Sartoris
Contents |
Deployment location
- MediaWiki:
/srv/deployment/mediawiki/common /srv/deployment/mediawiki/slot0 /srv/deployment/mediawiki/slot1
- Parsoid:
/srv/deployment/parsoid/Parsoid /srv/deployment/parsoid/config
Deploying
Initialize the git deploy environnement:
$ git deploy start
You can now proceed updating the code base using git pull, checkout, cherry-pick, commit, or whatever other repo changes you need to make. Once you have finished updating the code base, ask git deploy to actually deploy the modifications:
$ git deploy sync
If you screwed up something during the code update, you can abort your current work using:
$ git deploy abort
Design
Basic design
Git repositories sit on the deployment system behind a web server. Users initiate a deployment using git-deploy (git deploy start). It writes out a lock file to only allow a single deploy at a time and adds a tag to the repo as a rollback point, in case of a deploy abort. At this point the user updates the repo as necessary, or aborts the deploy. If the user aborts the deploy, it rolls back the repo to the start tag and removes the lock file. Once the deploy is ready, the user completes the deploy (git deploy sync), which causes git-deploy to write out a sync tag then trigger a sync script. It also adds a .deploy file to the repo root, which describes the currently deployed code. The sync script updates the repo and submodules so that the application servers can fetch properly. After doing so it calls a salt run for fetch, then a salt run for checkout to the deploy tag. The sync script will report success or failure. After the sync script is run, git-deploy removes the lock file.
Sync hook
- Location (on the deployment host): /var/lib/git-deploy/sync/shared.py
- Managed in the puppet deployment module
- Get the repo and submodules ready for fetching:
- Update the repo: git update-server-info
- Tag all submodules with the same tag as parent repo: git submodule foreach "git tag <tag>"

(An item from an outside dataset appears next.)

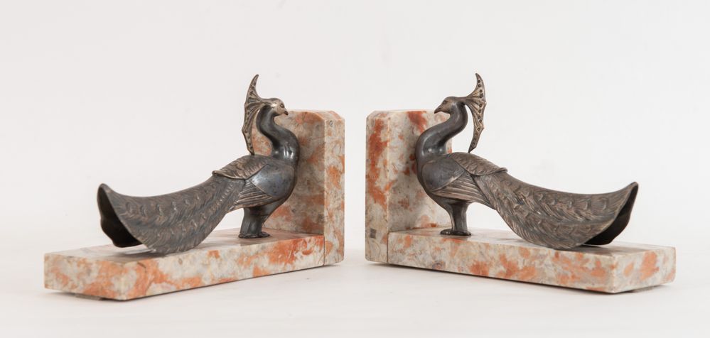 COPPIA DI FERMALIBRI in marmo e bronzo argentato. Raffiguranti pavoni. XX...

- Update all submoudles: <for each extension in <repo>/.git/modules/extension> git update-server-info
- Make the application servers do a fetch (via a salt runner)
- Make the application servers do a checkout (via a salt runner)

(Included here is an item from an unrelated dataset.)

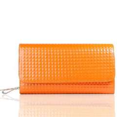 时尚光亮格仔真皮长款钱包 | 手拿包 | 单肩包 | 橙色

- Switch core to the git tag
- Update the submodules
Salt deploy runner
- Location (on the salt master): /srv/runners/deploy.py
- Managed in the puppet deployment module
A salt runner is a script that runs on the salt master and can combine many salt calls into a single function.
The salt deploy runner can be called from the deployment server via sudo salt-call publish.runner deploy.<function>. It is called by the git-deploy sync hook. It has two functions:
- deploy.fetch(repo)
- calls fetch (via a salt module) on all application servers for the specified repo
- deploy.checkout(repo)
- calls checkout (via a salt module) on all application servers for the specified repo
Each function returns a report in json on which minions returned successfully, failed, or didn't return.
Salt deploy module
- Location (on the salt master): /srv/salt/_modules/deploy.py
- Managed in the deployment puppet module
A salt module lives on every salt minion and can be called from the salt master or from any peer which is allowed access.

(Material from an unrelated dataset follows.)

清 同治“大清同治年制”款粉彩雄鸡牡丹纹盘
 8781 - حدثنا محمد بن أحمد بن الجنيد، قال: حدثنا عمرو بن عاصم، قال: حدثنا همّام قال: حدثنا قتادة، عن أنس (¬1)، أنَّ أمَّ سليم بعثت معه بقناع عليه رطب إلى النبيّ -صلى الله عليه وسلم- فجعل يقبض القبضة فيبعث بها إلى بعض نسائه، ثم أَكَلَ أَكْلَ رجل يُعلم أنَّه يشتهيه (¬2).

The salt deploy module is called via salt <matching-criteria> deploy.<function>. It has the following functions:
- deploy.sync_all
- sync all repositories configured. This will also fully clone repositories, if they are missing.
- deploy.fetch(repo)
- do a git fetch based on the repo location (repo_locations) and url (repo_urls) defined via salt pillars.
- deploy.checkout(repo,reset=False)
- do a checkout of a repo based on the repo location (repo_locations), and url (repo_urls) from salt pillars, and .deploy file defined on the deployment host. Checkout will also modify the .gitmodules file based on sed configuration defined in salt pillars (repo_regex).
Salt deployment pillars
- Location (on the salt master): /srv/pillars
- Managed in the puppet repo: role::deployment::salt_masters::production
Salt pillars are a set of configuration data available on every salt minion (via salt-call pillar.data). Pillars are managed on the master and are distributed to all minions on update.
Naming
slot0 <- current slot1 <- next slot2 <- next + 1 ...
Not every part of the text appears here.